Obiettivo della chat è anche poter passare dal virtuale al reale, per dare sostegno concreto a chi ha bisogno. «Il Web porta a comunicare in modo più diretto: con la chat si entra subito nel vivo», spiega Emanuela, 40 anni, sposata e mamma. Originaria del Perù, è stata adottata in Italia: «La mia mamma biologica mi ha dato la vita, affidandomi alle suore. Anche quando le donne non se la sentono di essere mamme, la vita non va interrotta. L’aborto non è mai una vera scelta di libertà». Oggi Emanuela è la travel manager di un’importante azienda. Gli impegni lavorativi e familiari sono moltissimi, ma non intende sospendere con Sos Vita: «C’è un enorme bisogno. La società non supporta le donne, e la solitudine non aiuta mai a scegliere per il meglio. Si rivolgono a noi anche ragazzine di 13-14 anni, parlano in chat perché non hanno vicino nessuno con cui confidarsi».

Tra i volontari c’è anche suor Giulia, della Congregazione delle suore Passioniste di San Paolo della Croce. Già prima di entrare in convento era molto attiva online, cercando di intercettare sui forum mamme in difficoltà che chiedevano aiuto sul Web. «All’inizio non dico di essere una suora, proprio perché non si sentano in alcun modo a disagio, ma anche se fossi atea oggi farei ugualmente questo servizio.

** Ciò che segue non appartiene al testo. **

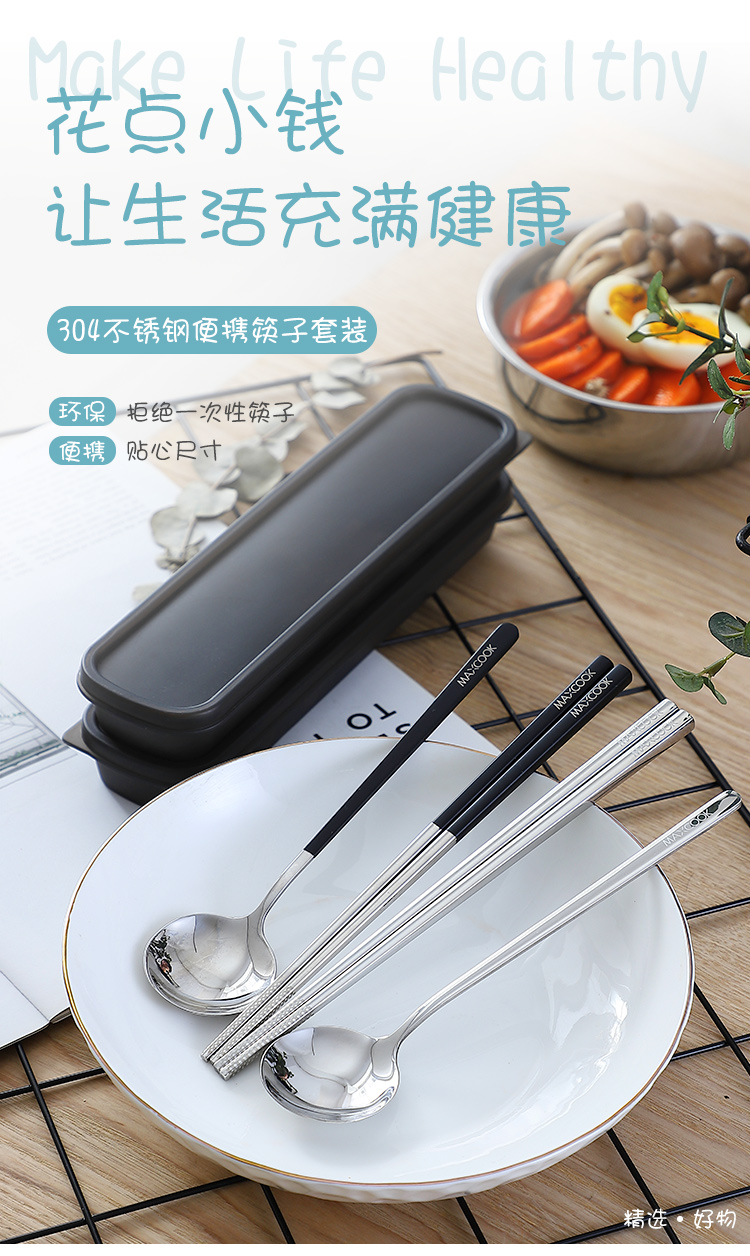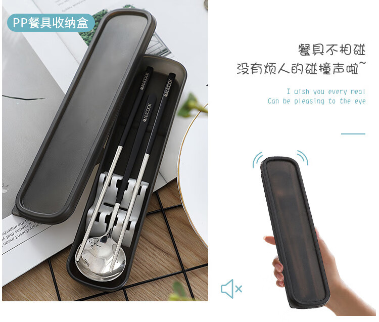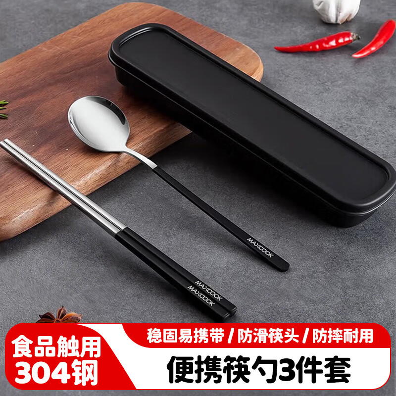 美厨(MAXCOOK)304不锈钢筷子勺子餐具套装 创意便携式筷勺三件套黑色 MCGC850 304不锈钢筷子勺子/套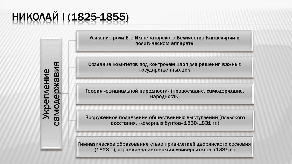 (1828 г.), ограничена автономия университетов (1835 г.)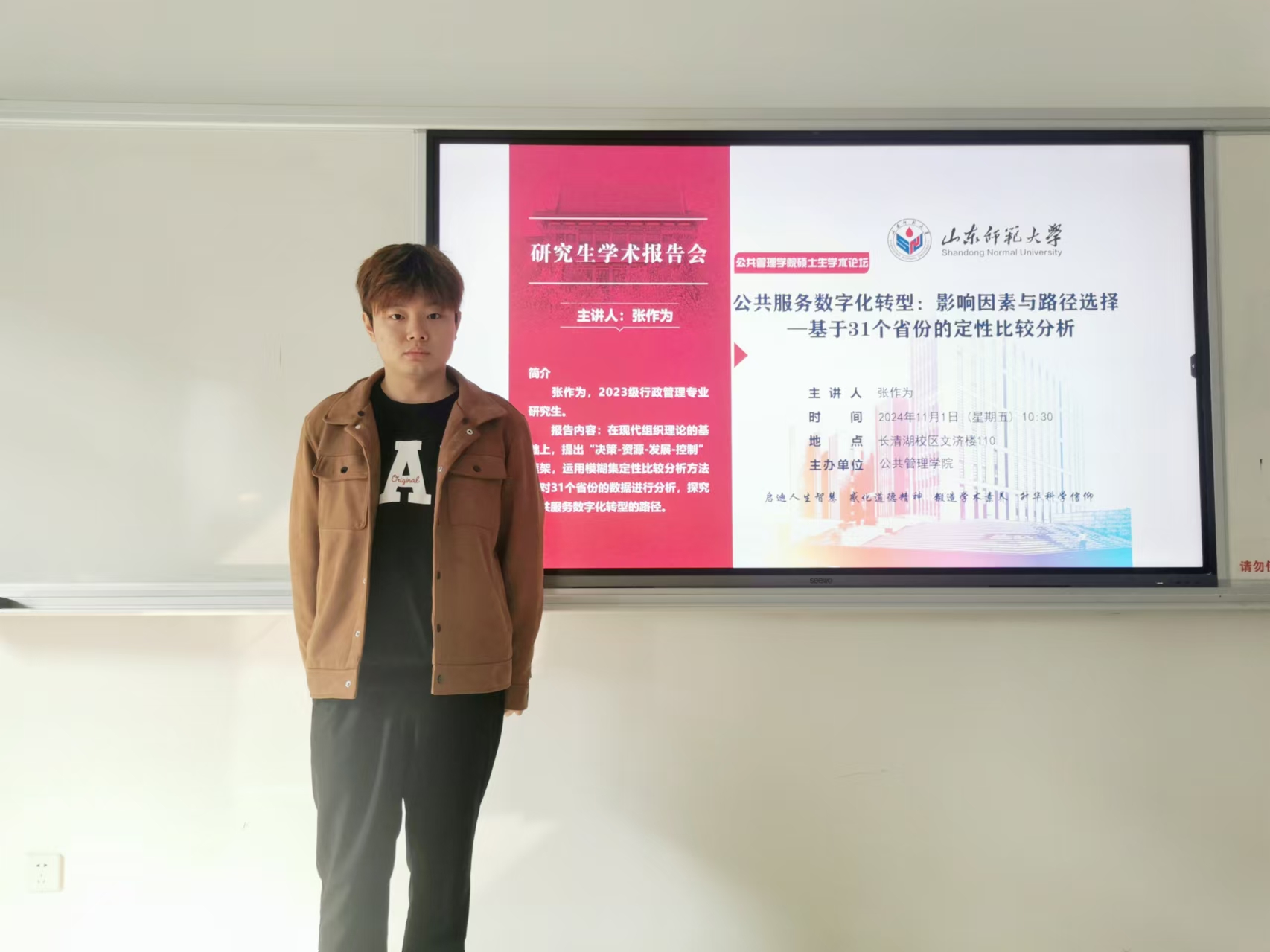 11月1日,英国365集团于长清湖校区文济楼109教室举办了以“公共服务数字化转型:影响因素与路径选择——基于31个省份的定性比较分析”为主题的研究生学术报告会。本次报告会由英国365集团2023级研究生张作为主讲,英国365集团2023级、2024级部分研究生参加。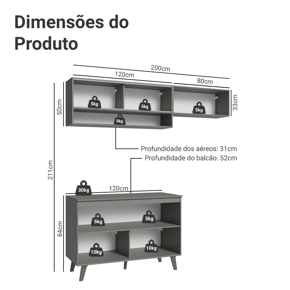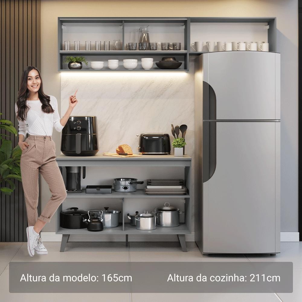 Armário de Cozinha Compacta 200cm Cinza Nice Madesa XA10
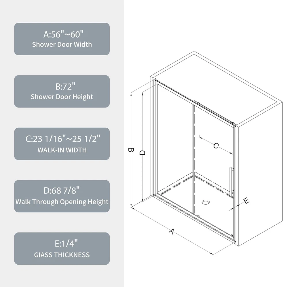 【Adjustable Size】: Our shower doors features a 1 9/16” adjustable wall channel, perfect for widths between 56-60 inches and heights of 72 inches. This design seamlessly fits various shower layouts, making installation a breeze. 【Safety and Security】: Our glass shower door is made of ANSI certified 1/4" (6 mm) thick clear tempered glass, featuring an explosion-proof film for durability and protective performance. Aluminum frame, 304 stainless steel hardware to ensure superior quality and corrosion resistance. 【Waterproof and Easy Clean】: The glass surface is coated with a nano waterproof layer, effectively preventing water spots and soap buildup, reducing the frequency of cleaning and facilitating maintenance.The bottom and side seal strip effectively prevent splashes and leaks, keeping your bathroom floor dry and tidy. 【Magnetic Seal】: Our shower door is equipped with a magnetic seal design, providing improved sealing and a smoother, quieter closing experience. This design offers superior water resistance compared to standard seals, effectively separating dry and wet areas and maintaining a dry and clean bathroom. 【Easy to Install】: The sliding shower door comes with detailed instructions and all necessary mounting hardware for a simple and hassle-free installation. Professional Installation is recommended to ensure optimal results.

Il valore della vita è universale, non c’è bisogno di credere in Dio per capire che lì c’è un bambino: basta guardare un’ecografia. Le persone che cercano aiuto online sono titubanti, ma se dall’altra parte qualcuno li fa sentire accolte si aprono a una relazione personale. Si rivolgono a noi anche donne che sono passate dall’aborto per raccontarci la propria sofferenza».

Suor Giulia, con lo smartphone o il pc, risponde a tutti: «Come suora questo mi aiuta ancora di più a vivere una fecondità diversa da quella naturale. La vita religiosa comporta già una dimensione di maternità spirituale con chi incontriamo. Contribuendo alla nascita di bambini, anche se non sono miei figli, mi sento davvero madre».